Maybe you got the irony already, but it took me two months: after looking for the answers from my students, from blogs, videos, and etc, the list I distilled was a summary of the very process I had used to find the list.  You see, those things are what I was doing while reading, watching, listening.  It turns out that I do them when I’m having a face-to-face conversation, when I’m experimenting with new equipment, when I’m inspecting a solder joint, and when I’m troubleshooting a circuit.  In other words, I do the same things regardless of whether I’m reading, listening, watching, or inquiring.  Can I go so far as to say that, to me, even a lecture is an inquiry activity? These aren’t techniques for reading comprehension.  They’re techniques for comprehension.

While I was working away on this post, John Burk beat me to it, asking how we can teach students to learn from as many formats as possible.  I’m thinking, maybe these techniques can improve our ability to see what we’re looking at, hear what we’re listening to… regardless of the medium.

That got me thinking about how I learn new things when there’s no one around to teach me.  Let’s choose a suitably complex goal like, say, learning how to teach (I left a skilled trade to do this, so keep in mind that I don’t have a B.Ed. or any other formal teacher training).  I listen to lectures (videos and podcasts).  I read text (research papers, books, blogs).  Lots of text (more blogs).  I write.  I practise.  I experiment.  Sometimes I make things up that I don’t have words for.  Sometimes I learn a bunch of new words and try to apply them.

No teacher decides for me whether I should be introduced to a new idea via a screencast or an inquiry activity.  And all along the way, I evaluate.  Which media worked best for which goal?  How do I know?  What will I do next time I’m in that situation?   If I’m serious about helping my students become independent learners, I eventually have to stop doing this for them.

What’s my role as a teacher in all of this? So far, I’ve come up with these:

  1. Helping my students use the techniques above and adapt them to their own goals, with any media they have available.
  2. Removing roadblocks in their use of these techniques.
  3. Helping them evaluate their ability to apply these techniques to different media.
  4. Supporting them in creating the media they need.

I’ve got a few ideas about #1, #2, and #3.  But I think #4 might be the most important one.

Resources

For Using Comprehension Techniques

Jerrid Kruse contributes some great comprehension questions

The West Virginia Dept. of Ed.’s Keys to Comprehension

For Removing Roadblocks

Bret Victor’s suggestion for text that is less “information to be consumed,” more “environment to think in.”

When evaluating which medium to use for any given activity, try asking, how will this medium make it easier to use the techniques above?  How will this medium make it harder?

For Why This Matters

From the ASCD’s Educational Leadership magazine, a 2011 review of research that asks, are we making our students Too Dumb for Complex Texts?
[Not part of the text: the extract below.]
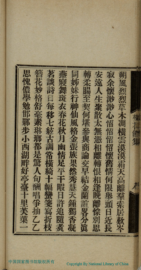 | (PRINT FRIENDLY VERSION) 梅花館詩集:一卷;附詩餘(清汪韻梅撰)。清光緒三十四年(1908)排印本 ![]() Page : 詩集.9a | click for larger image | 梅花館詩集:一卷;附詩餘(清汪韻梅撰)。清光緒三十四年(1908)排印本![]() Page : 詩集.8b | click for larger image | 梅花館詩集:一卷;附詩餘(清汪韻梅撰)。清光緒三十四年(1908)排印本![]() Page : 詩集.8a | click for larger image | Back |

For Creating Our Own Media

Bret Victor promises, someday, to publish his JavaScript library so we can all create our own explorable explanations.

Until then, I’m thinking a lot about who gets to design media, and who merely fills them with content.  Stay tuned.

3 comments

  1. Update: Push Pop Press, which includes infographic designer Bret Victor (of “Explorable Explanations,” above, just won the Apple Design Award for their ebook Our Choice. Someday I want to write an electronics textbook that looks like this.

    What does it mean that I’m teaching my students to read this kind of book, but my program provides no way for me to teach them to write this kind of book? As far as “21st-century skills” are concerned, we’re telling our students that they’re expected to read, but that they’re forbidden to write.